I'm in my mid 30s and have been in braces for a little over 2 years (almost done, knock wood). This is my second go-around (had them for 2 years when I was 12-14), and I can say that they are, indeed, vastly improved over the medieval torture devices I had in my mouth 20 years ago.

Invisalign wasn't an option for me for various reasons (my entire bite was off significantly -- so much so that I actually had to have surgery as well). So I went with ceramic (clear) braces, and many people have told me that they didn't even realize I was wearing braces in the first place until they looked very closely. The main "cosmetic" issues I had (a big upper gap between a front and a lateral, slight overbite, and a lot of lower crowding) were noticeably improved within the first 6 months; in fact, the lower crowding began to improve within the first couple of weeks.

For some patients, lingual braces are also an option -- they're regular metal brackets, but completely invisible because they're affixed to the back of the teeth. I think these are only an option for certain types of correction, and it would stand to reason that it would certainly affect your speech for awhile more than the other types of braces, but it would be worth asking about.

As for price, my insurance paid for a portion of it, but the overall cost still came to about $5000, which my orthodontist broke into monthly payments over 2 years. I'm sure setting up a payment plan is common practice. And yes, definitely use your flexible spending account at work if you have one! I've seen a big tax savings over the past few years once I started using mine.

One last tip: having braces as an adult can be tough on your gums. Commit to brushing a lot, get a waterpik, and use this to floss.
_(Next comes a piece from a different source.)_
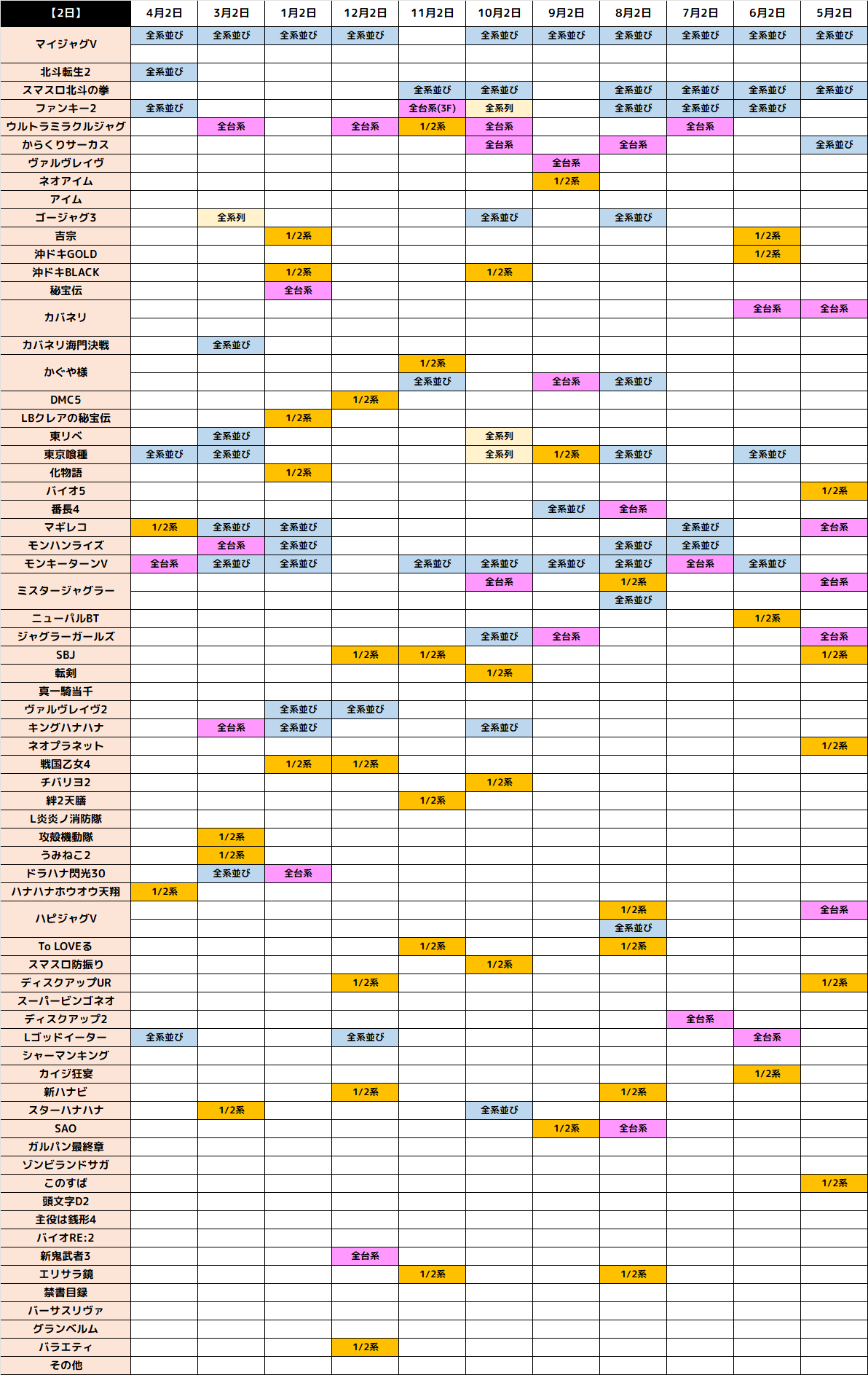3月2日(月)|エスパス新宿歌舞伎町|様々なフロアから全台系や1/2系、並び仕掛けが多数! ハナハナシリーズには王道の仕掛けが全て出現! 10日間ポスターにも仕掛けや単品が複数あり!

I also see my dentist every 4 months (instead of every 6) for cleaning, just to be on the safe side.

Feel free to email me with any questions. Also take a look at Archwired, which is a site all about getting braces as an adult. Good luck! Sometimes it can be a pain having braces at this age, but I'm
so glad I did it.
posted by scody at 8:56 AM on November 17, 2005 [1 favorite]

I started wearing metal braces 18 months ago (1'm 31) but they made my teeth too mobile so the orthodontist switched me to invisaligns. I like the invisaligns because you dont really see them, you take them out to eat so you dont have annoying bits of food stuck between metal wires, and on the whole is more convenient (specially when kissing!) However, they hurt quite a bit anytime you change the aligners, and takes quite a bit of dedication to wear them all the time. But seeing that it's only about 500 dollars more than the traditional braces, i'm glad i made the switch, and should have gone with invisaligns right from the start!
posted by ramix at 10:32 AM on November 17, 2005

My brother did braces as an adult *twice*. The first time his orthodontist told him to avoid bonding at such a young age and just keep wearing his retainer, which didn't work. His teeth moved apart almost immediately, though they didn't look like lonely gum tombstones anymore, it was still not the perfect smile he coveted. 4 years later he was having invisaligns put in and he got his teeth bonded afterwards. Now he's a happy duckling, but can't use any of the cheap retail whitening solutions because of the bonds. He personally spent about 5 grand, and my parents spent 3-4.

Invisaligns and regular braces both made him talk funny, like he had saliva in the pockets of his mouth behind his bottom teeth. The metal braces had him constantly after the wires with this weird waxy stuff, but he seemed to be in less discomfort with Invisaligns.
posted by xyzzy at 11:37 AM on November 17, 2005

I just spoke with my dentist about the Invisaligns on Tuesday. He told me that a small percentage of people are viable candidates for them, so I would recommend going to an orthodontist that offers both so you can a little less biased opinion.